> [PROBLEM TO WORK ON]: Copy out exactly the lines below that run from the one holding "Непромокаюча пелюшка Поплін/Мембрана" to the one holding "Quiet Piggy Liberty", keeping both of those lines and no others.

> [EXERCISE DATA]:
····················

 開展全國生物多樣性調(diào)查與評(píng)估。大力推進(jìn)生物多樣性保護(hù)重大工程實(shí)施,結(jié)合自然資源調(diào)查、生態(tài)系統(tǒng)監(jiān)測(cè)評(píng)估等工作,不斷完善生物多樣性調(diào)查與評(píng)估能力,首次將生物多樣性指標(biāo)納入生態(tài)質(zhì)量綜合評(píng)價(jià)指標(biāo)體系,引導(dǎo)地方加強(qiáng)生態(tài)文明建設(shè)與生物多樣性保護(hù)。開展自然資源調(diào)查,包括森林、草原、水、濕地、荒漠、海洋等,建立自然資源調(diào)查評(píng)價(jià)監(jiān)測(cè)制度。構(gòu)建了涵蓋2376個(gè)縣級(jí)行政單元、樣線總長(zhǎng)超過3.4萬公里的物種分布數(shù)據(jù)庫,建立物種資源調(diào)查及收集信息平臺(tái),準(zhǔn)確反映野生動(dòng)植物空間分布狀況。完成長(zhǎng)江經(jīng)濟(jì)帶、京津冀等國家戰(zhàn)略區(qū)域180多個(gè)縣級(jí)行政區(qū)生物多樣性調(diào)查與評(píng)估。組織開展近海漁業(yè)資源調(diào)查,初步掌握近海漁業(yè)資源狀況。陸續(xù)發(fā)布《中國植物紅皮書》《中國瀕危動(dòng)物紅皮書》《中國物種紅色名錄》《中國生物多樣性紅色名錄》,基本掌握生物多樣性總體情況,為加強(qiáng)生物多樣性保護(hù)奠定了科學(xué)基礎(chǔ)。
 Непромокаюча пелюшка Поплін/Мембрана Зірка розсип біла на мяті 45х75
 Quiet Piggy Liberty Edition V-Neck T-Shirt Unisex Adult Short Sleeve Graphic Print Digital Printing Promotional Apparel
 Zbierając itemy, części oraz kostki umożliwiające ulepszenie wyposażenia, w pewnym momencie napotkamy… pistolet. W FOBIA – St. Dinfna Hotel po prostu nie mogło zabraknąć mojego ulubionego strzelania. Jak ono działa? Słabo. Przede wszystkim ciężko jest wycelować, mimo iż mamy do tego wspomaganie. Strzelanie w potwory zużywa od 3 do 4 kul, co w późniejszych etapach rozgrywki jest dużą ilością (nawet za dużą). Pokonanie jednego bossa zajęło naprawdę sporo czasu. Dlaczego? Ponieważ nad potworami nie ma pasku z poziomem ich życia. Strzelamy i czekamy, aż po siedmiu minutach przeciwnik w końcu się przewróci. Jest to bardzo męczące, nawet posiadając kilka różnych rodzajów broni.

····················

> [PROBLEM SOLUTION]:
 Непромокаюча пелюшка Поплін/Мембрана Зірка розсип біла на мяті 45х75
 Quiet Piggy Liberty Edition V-Neck T-Shirt Unisex Adult Short Sleeve Graphic Print Digital Printing Promotional Apparel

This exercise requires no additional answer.